In the material below, begin at the line that has "Naiobe Electrocardiogram Heartbeat", stop after the line that has "三次免中免36次免费,爆了两", and transcribe those lines exactly, without pictures.

Source material:
※ ※ ※
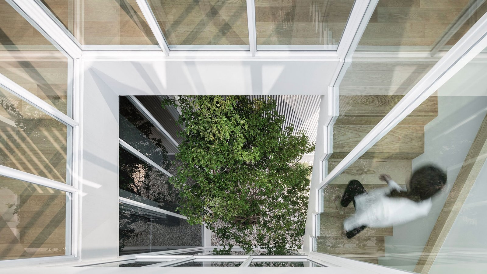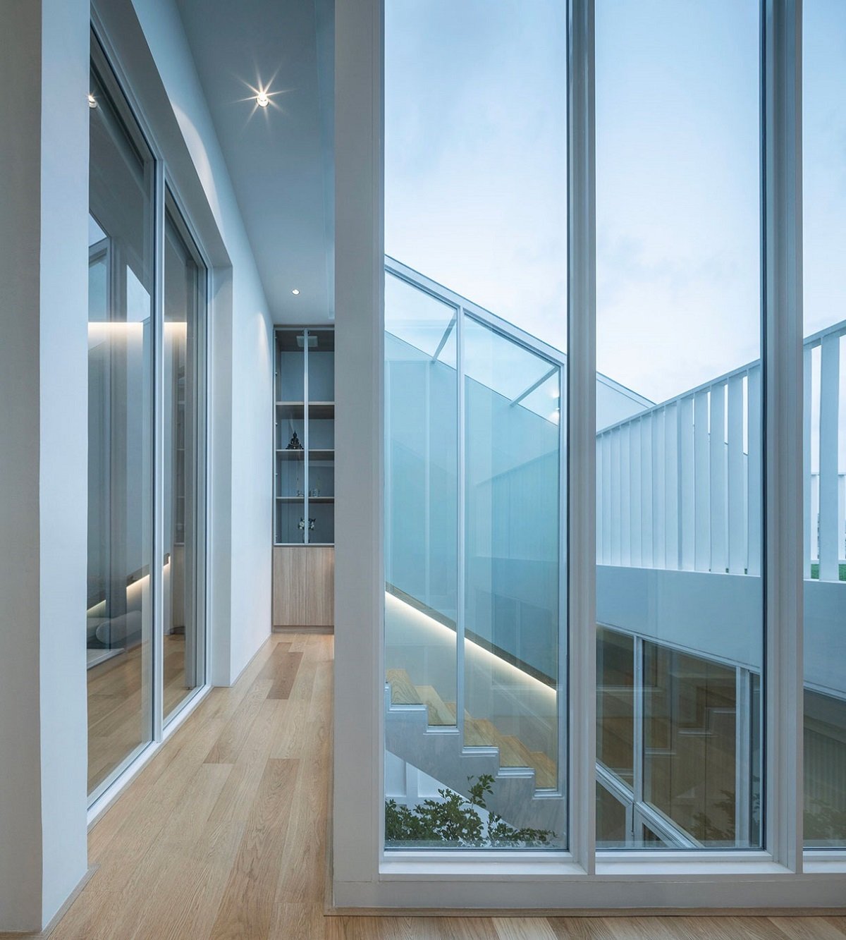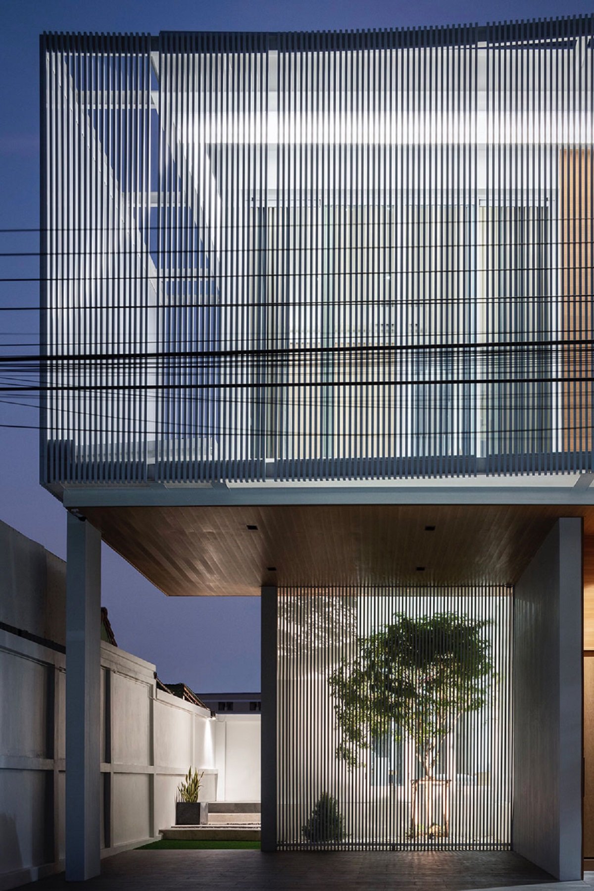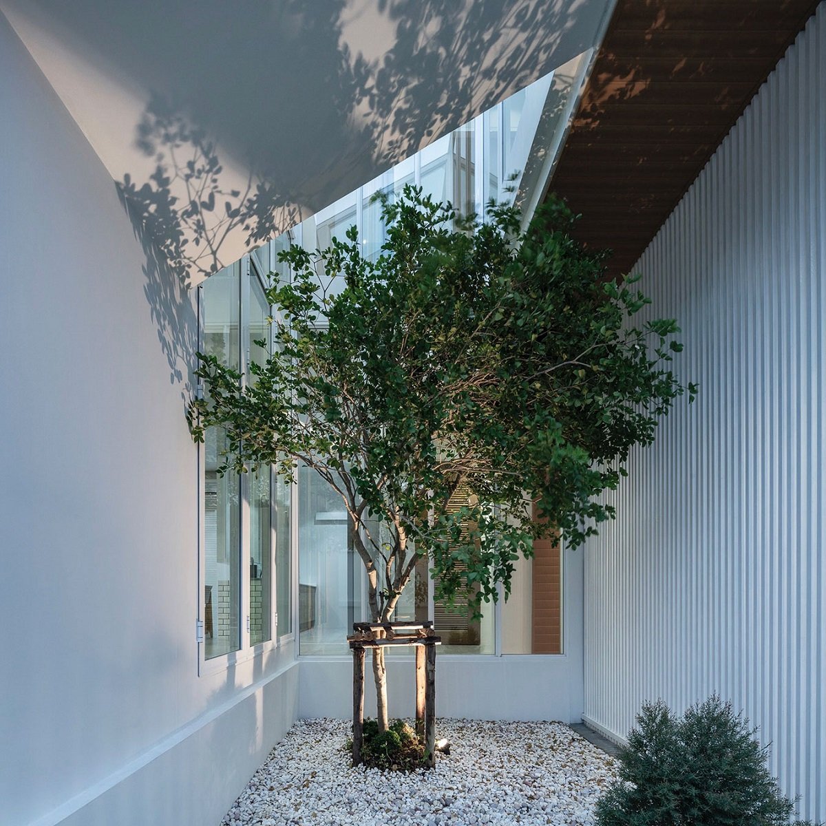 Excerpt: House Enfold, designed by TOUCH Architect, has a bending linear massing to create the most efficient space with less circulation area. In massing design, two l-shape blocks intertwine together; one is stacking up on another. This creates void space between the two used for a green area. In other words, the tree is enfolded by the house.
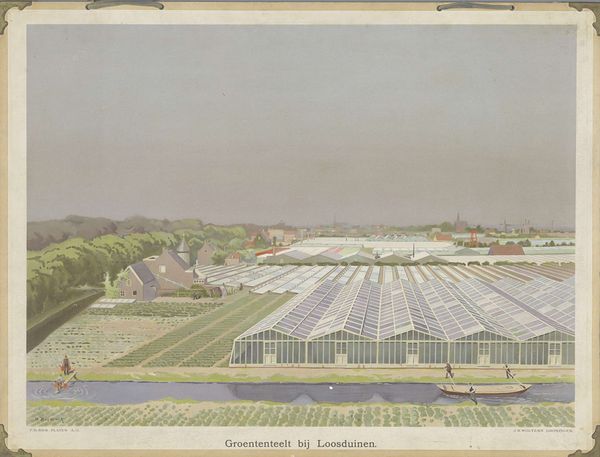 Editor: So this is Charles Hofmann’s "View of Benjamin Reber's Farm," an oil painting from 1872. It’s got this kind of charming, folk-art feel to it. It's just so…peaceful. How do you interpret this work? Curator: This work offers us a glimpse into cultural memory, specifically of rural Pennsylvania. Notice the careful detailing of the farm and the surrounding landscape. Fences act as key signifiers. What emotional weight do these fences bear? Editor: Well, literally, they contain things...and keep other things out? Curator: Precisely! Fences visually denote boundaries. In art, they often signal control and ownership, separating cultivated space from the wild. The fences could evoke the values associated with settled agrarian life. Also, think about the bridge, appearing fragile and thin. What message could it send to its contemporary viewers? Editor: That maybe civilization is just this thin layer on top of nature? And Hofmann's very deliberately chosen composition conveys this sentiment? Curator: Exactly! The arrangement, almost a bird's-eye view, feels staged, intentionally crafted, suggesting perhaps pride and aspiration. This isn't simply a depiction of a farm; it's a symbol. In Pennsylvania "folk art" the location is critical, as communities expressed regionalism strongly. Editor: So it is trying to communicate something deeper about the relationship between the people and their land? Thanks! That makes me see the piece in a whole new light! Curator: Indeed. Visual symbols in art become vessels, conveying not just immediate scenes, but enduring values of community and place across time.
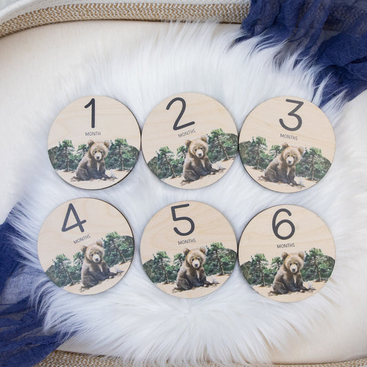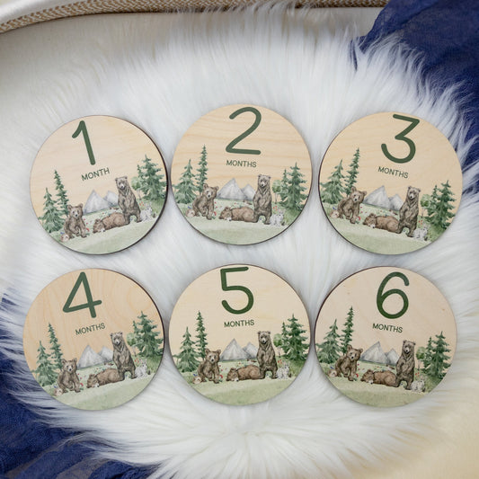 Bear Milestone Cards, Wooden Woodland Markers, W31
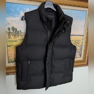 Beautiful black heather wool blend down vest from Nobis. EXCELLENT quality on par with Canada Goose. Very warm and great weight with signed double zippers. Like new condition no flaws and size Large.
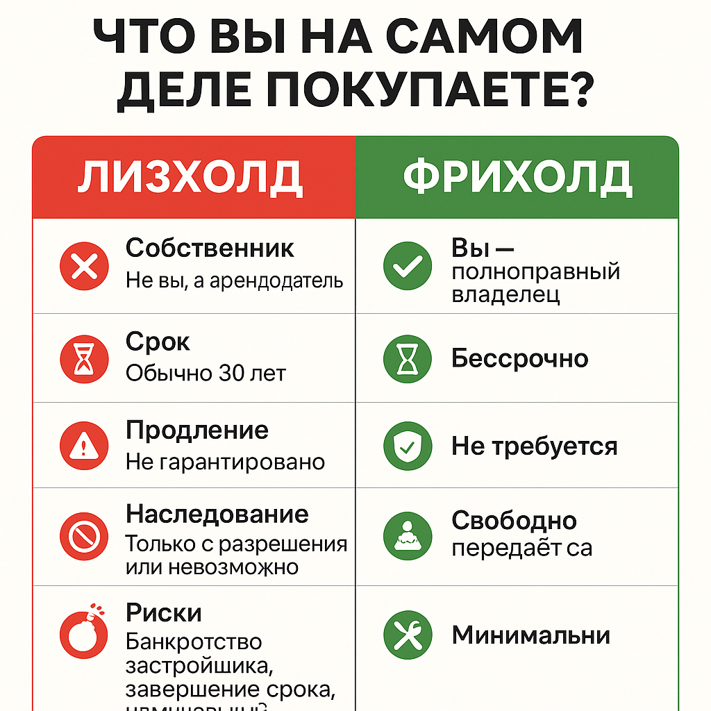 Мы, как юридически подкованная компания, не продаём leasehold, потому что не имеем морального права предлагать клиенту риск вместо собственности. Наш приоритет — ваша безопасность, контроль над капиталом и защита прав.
※ ※ ※
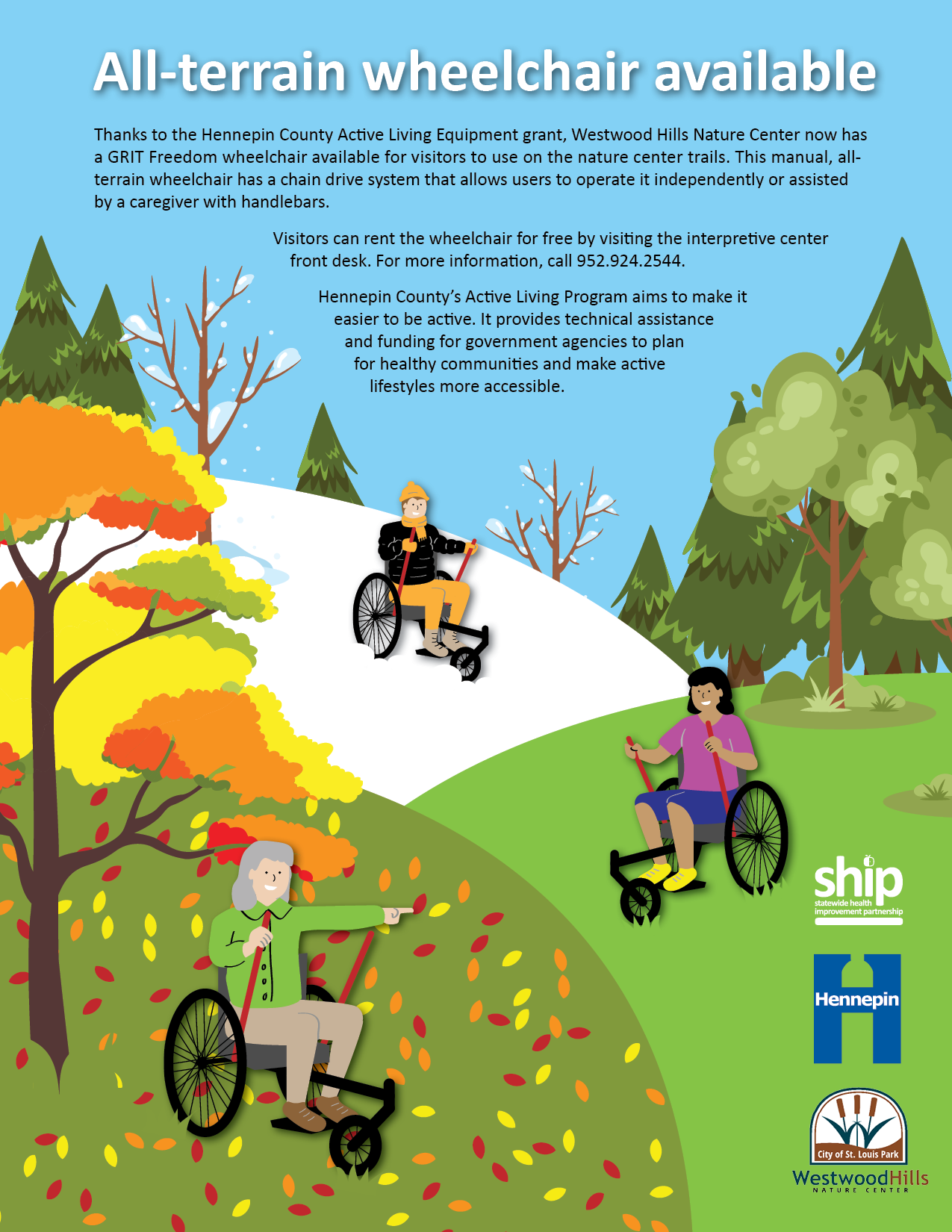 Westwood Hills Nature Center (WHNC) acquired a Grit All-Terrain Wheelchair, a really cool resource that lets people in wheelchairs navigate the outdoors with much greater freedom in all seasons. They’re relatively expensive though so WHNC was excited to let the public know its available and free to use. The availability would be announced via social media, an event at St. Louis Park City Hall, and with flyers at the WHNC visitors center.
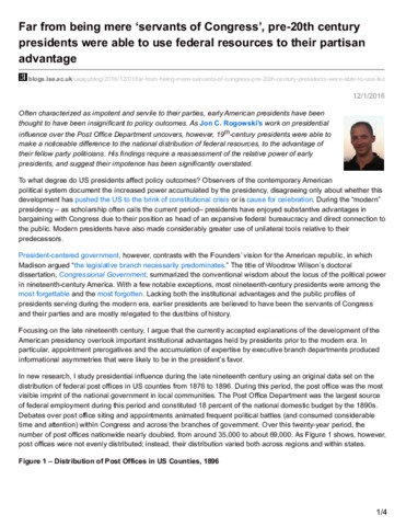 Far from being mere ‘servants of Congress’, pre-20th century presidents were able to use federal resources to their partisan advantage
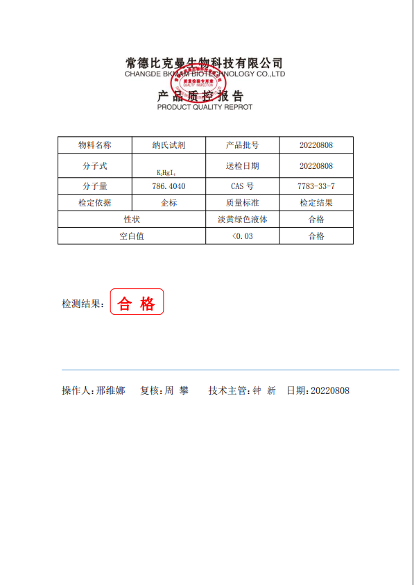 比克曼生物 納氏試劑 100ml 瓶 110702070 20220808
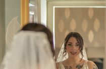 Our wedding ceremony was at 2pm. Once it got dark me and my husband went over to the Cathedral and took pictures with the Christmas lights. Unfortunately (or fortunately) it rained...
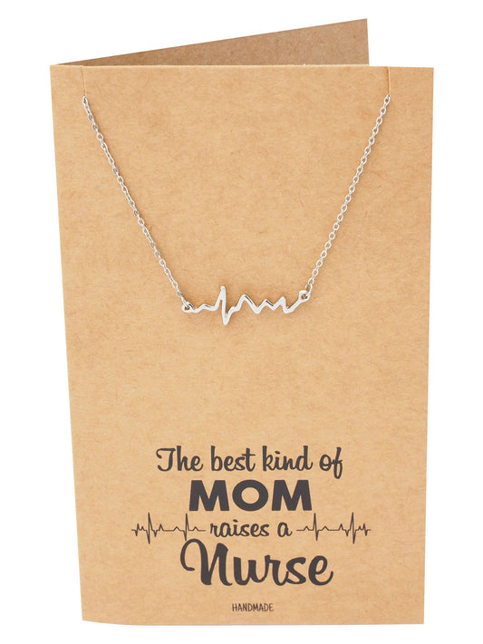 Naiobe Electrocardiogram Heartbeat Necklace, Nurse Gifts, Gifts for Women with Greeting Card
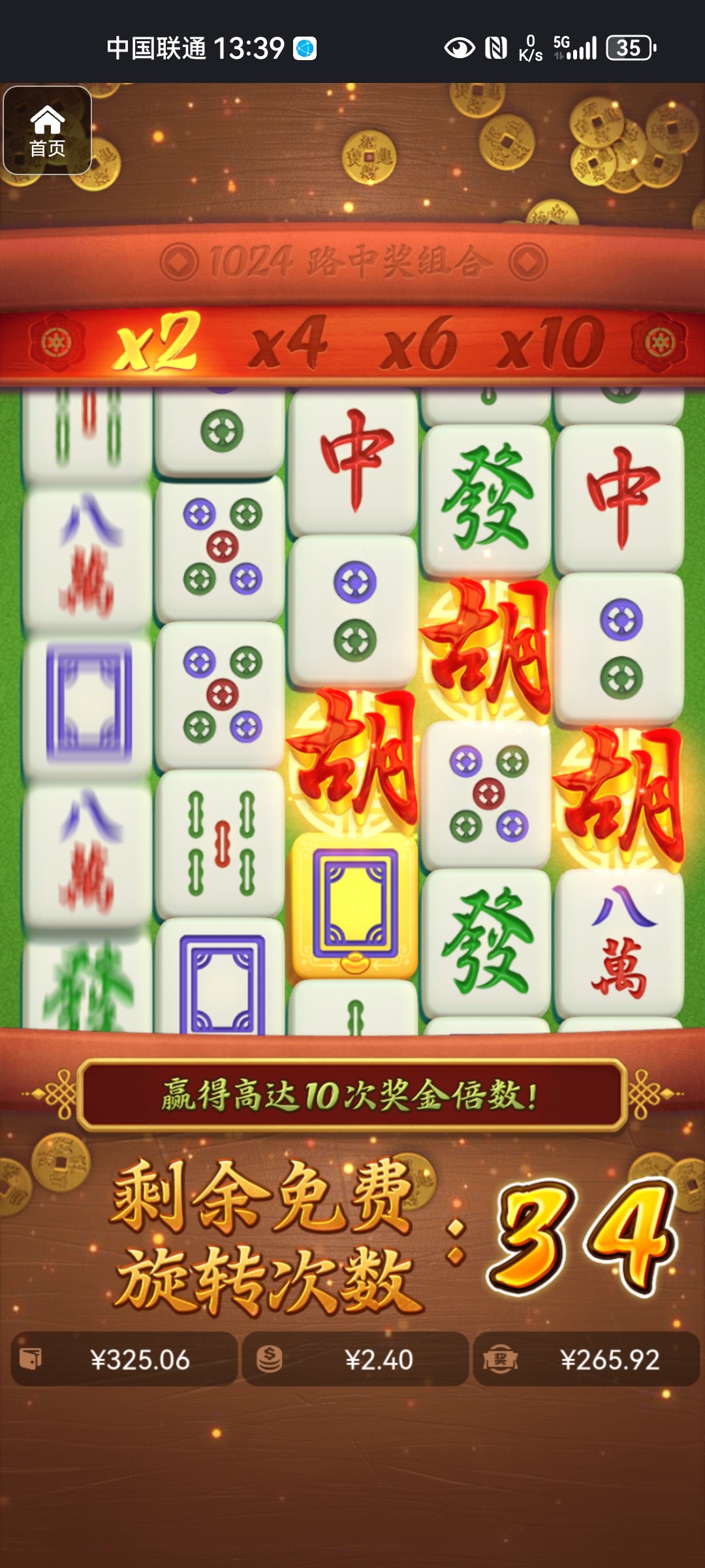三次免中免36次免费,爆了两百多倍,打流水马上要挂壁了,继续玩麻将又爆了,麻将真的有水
※ ※ ※
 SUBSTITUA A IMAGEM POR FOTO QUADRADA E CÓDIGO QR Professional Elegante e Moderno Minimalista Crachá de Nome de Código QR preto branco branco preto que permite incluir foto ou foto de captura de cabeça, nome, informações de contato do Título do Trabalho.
※ ※ ※
Exercise solution:
 Naiobe Electrocardiogram Heartbeat Necklace, Nurse Gifts, Gifts for Women with Greeting Card
三次免中免36次免费,爆了两百多倍,打流水马上要挂壁了,继续玩麻将又爆了,麻将真的有水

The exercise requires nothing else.